## What the task asks
Go through the following data and transcribe exactly the stretch of lines from the one holding "Saya singgah di" to the one holding "Add a touch", both included.

## Supplied material
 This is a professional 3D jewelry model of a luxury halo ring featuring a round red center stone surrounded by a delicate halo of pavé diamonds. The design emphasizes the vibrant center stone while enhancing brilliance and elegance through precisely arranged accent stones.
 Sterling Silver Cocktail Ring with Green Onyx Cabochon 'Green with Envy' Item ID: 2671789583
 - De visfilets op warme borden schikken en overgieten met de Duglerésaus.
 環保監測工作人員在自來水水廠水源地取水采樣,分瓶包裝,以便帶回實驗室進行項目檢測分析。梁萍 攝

* * *

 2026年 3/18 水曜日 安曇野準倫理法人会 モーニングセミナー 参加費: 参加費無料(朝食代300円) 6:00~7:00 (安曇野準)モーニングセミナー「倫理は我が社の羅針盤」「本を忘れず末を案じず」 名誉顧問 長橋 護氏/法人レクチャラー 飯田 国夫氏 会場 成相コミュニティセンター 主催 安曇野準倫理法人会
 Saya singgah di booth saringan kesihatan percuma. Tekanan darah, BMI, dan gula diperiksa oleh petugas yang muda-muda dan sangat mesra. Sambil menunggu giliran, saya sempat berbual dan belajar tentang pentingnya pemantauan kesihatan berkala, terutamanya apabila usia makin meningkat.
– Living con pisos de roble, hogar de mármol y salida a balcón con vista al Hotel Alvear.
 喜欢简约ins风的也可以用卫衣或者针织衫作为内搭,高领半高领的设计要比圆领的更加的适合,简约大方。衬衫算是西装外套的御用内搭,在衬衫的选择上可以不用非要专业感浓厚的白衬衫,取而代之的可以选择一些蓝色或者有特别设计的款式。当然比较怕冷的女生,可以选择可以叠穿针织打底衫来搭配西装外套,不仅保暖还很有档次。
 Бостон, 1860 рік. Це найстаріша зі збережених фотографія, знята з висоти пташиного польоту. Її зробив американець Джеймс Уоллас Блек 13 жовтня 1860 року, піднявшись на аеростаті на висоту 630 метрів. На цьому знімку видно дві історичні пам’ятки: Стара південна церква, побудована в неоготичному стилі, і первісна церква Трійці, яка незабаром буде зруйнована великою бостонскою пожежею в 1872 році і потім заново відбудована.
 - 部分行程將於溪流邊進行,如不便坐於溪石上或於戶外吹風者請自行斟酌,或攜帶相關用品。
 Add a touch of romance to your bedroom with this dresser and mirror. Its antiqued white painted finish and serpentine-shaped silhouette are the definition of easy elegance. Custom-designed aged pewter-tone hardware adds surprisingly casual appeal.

## Task solution
 Saya singgah di booth saringan kesihatan percuma. Tekanan darah, BMI, dan gula diperiksa oleh petugas yang muda-muda dan sangat mesra. Sambil menunggu giliran, saya sempat berbual dan belajar tentang pentingnya pemantauan kesihatan berkala, terutamanya apabila usia makin meningkat.
– Living con pisos de roble, hogar de mármol y salida a balcón con vista al Hotel Alvear.
 喜欢简约ins风的也可以用卫衣或者针织衫作为内搭,高领半高领的设计要比圆领的更加的适合,简约大方。衬衫算是西装外套的御用内搭,在衬衫的选择上可以不用非要专业感浓厚的白衬衫,取而代之的可以选择一些蓝色或者有特别设计的款式。当然比较怕冷的女生,可以选择可以叠穿针织打底衫来搭配西装外套,不仅保暖还很有档次。
 Бостон, 1860 рік. Це найстаріша зі збережених фотографія, знята з висоти пташиного польоту. Її зробив американець Джеймс Уоллас Блек 13 жовтня 1860 року, піднявшись на аеростаті на висоту 630 метрів. На цьому знімку видно дві історичні пам’ятки: Стара південна церква, побудована в неоготичному стилі, і первісна церква Трійці, яка незабаром буде зруйнована великою бостонскою пожежею в 1872 році і потім заново відбудована.
 - 部分行程將於溪流邊進行,如不便坐於溪石上或於戶外吹風者請自行斟酌,或攜帶相關用品。
 Add a touch of romance to your bedroom with this dresser and mirror. Its antiqued white painted finish and serpentine-shaped silhouette are the definition of easy elegance. Custom-designed aged pewter-tone hardware adds surprisingly casual appeal.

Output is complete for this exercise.